Find text and replace it with RTF document using Java

Thamizh · June 5, 2012, 9:38am

HI,

Thanks for your reply.

Regarding to your previous mail, i have attached the sample codes and input, rtf and output documents for your reference.

Please see the RED LINES i have mentioned in the Output document(Output.docx) after insertion of RTF document (bw_raw.rtf) into the original document (Input.docx).

I just tried to replace the text “bw_raw_rpt” in the input.docx and instead of that particular text i inserted the RTF document (bw_raw_rtf) by replacing that text. But you can see in the output document (Output.docx) the contents in the RTF document has been mingled(collapsed) with the previous and next paragraph.

I want the clear output that the RTF document should be inserted by replacing the particular text without disturbing the previous or next paragraph or it should not collapsed with the previos page or next page.,

Please do the needfull.

Thanks,

Thamizh

tahir.manzoor · June 6, 2012, 6:15am

Hi Thamizh,

Thanks for your query. I have worked with your shared document and found that this is not an issue. Please note that Aspose.Words layout engine tries to mimic the way the Microsoft Word’s layout engine works.

Please copy the contents of RTF file and past under {bw_raw_rpt,rot=300L} in input.docx file. You will get the same output.

You can use INCLUDETEXT field or insert text from file by using MS word, you will get the same output. However, I am working with your documents and will let you know about the solution of this issue asap.

Hope this answers your query.

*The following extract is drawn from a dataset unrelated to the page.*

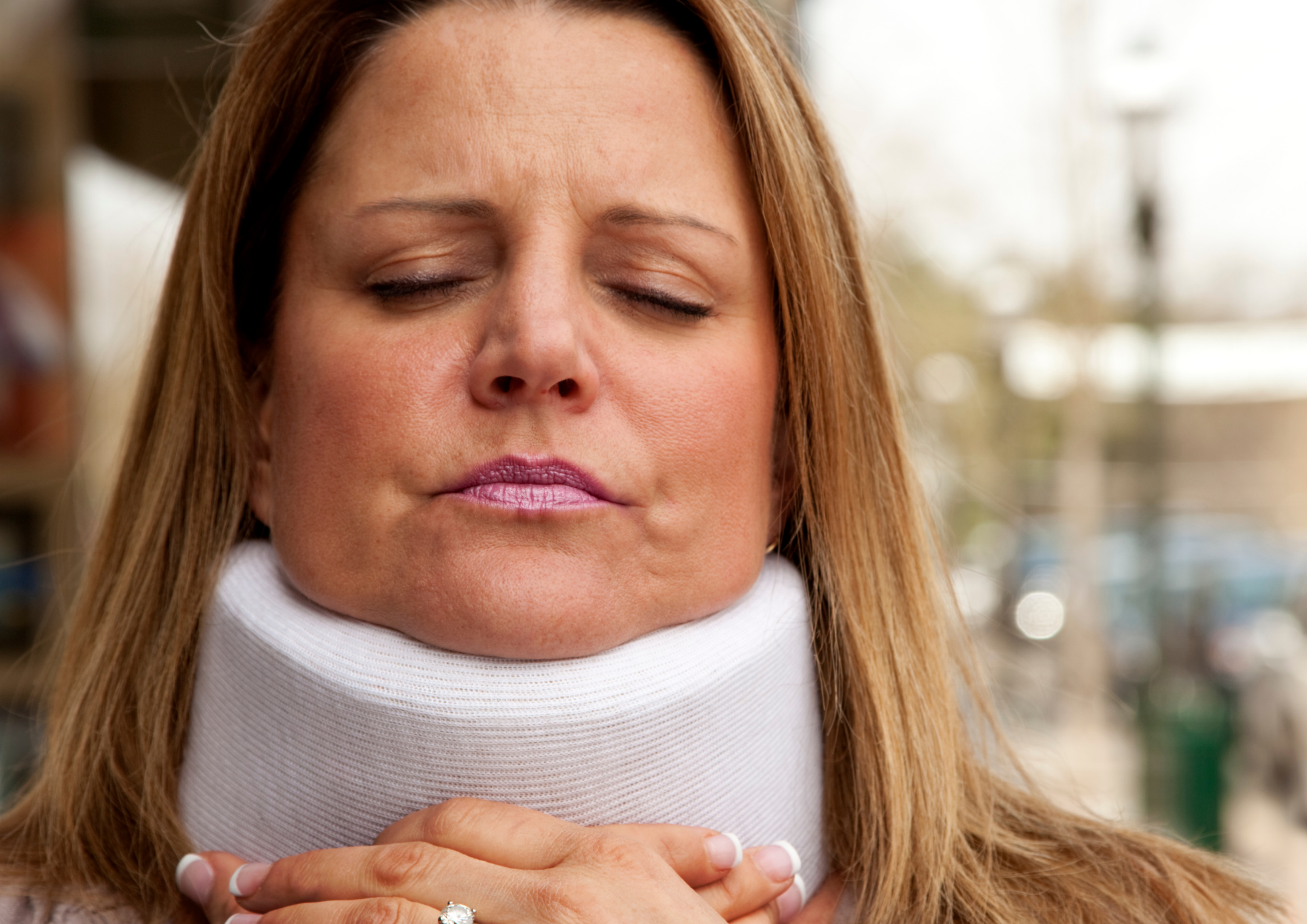 追突事故で多いのがむち打ち症です。レントゲンでは異常が出にくく、症状が軽視されがちです。

Please let us know, If you have any more queries.

Thamizh · June 7, 2012, 4:05am

I want to insert the RTF document by replacing the text using aspose.words for java.

Then why should i copy the contents of the file and have to paste in the input document??? my task is to insert the file using java.. thats why we use aspose.

It is clear that while inserting the documents it has been interrupting with the previous and next paragraphs also.

You please investigate on this and revert me as soon as possible..

I need your immediate help.

Thanks,

Thamizh

tahir.manzoor · June 8, 2012, 3:34am

Hi Thamizh,

Please accept my apologies for your inconvenience. This is not an issue with Aspose.Words as I shared with you earlier that that Aspose.Words layout engine tries to mimic the way the Microsoft
Word’s layout engine works. I will try to find out the solution for this scenario and update you asap.

Thamizh · June 12, 2012, 4:40am

May i know the status of the above query… Please investigate with the documents and reply…

tahir.manzoor · June 13, 2012, 4:46am

Hi Thamizh,

Please accept my apologies for late response.

I have worked with your Docx and RTF documents in detail. The contents of Docx are messed up after inserting RTF into Docx due to floating text frames. As I shared with you earlier, this is not an issue. Please check my reply at following link.

https://forum.aspose.com/t/57478

We apologies for your inconvenience.

Thamizh · June 13, 2012, 7:09am

Sir then what is the solution for this problem… i dont understand what is floating text frames… i want to replace the particular text without disturbing the previous or next paragraphs or pages… just the document should be inserted without any changes in the DOCX … can u assist me with some code clarifications… or give any other sample code for inserting the documents without any problem…

tahir.manzoor · June 13, 2012, 8:08am

Hi Thamizh,

Your RTF file contains text in the form of text frame. You can select and change the position of text frames. Please see the attached images (Floating_Text_Frame_1.png and Floating_Text_Frame_2.png).

Please note that Aspose.Words layout engine tries to mimic the
way the Microsoft Word’s layout engine works. Please open your input Docx file by using MS Word and put cursor under {bw_raw_rpt,rot=300L}. Select the option “insert text from file” from insert tab. Insert your RTF file and see the MS Words behavior.

Aspose.Words and MS Words have same behavior in your scenario. Please use RTF file without text frames to insert it in docx file.

Hope this answers your query. Please let us know, If you have any more queries.

Thamizh · June 13, 2012, 9:02am

I understand now about the problem now. I really thank for the effort you have taken to resolve my issue.

As i am not supposed to change the frame position manually in the DOCX file since i have to insert the RTF to the DOCX input file through java code using aspose.

Is it possible to give page breaks in start and end of the RTF document and then i insert the RTF file to DOCX. So that i could get the required output…when i tried to insert page breaks using builder.insertBreak() it is not working fine … i have tried all the possible ways. I could not stop the mess up…

can you check with my code whether i can insert RTF document with page breaks at the starting and end.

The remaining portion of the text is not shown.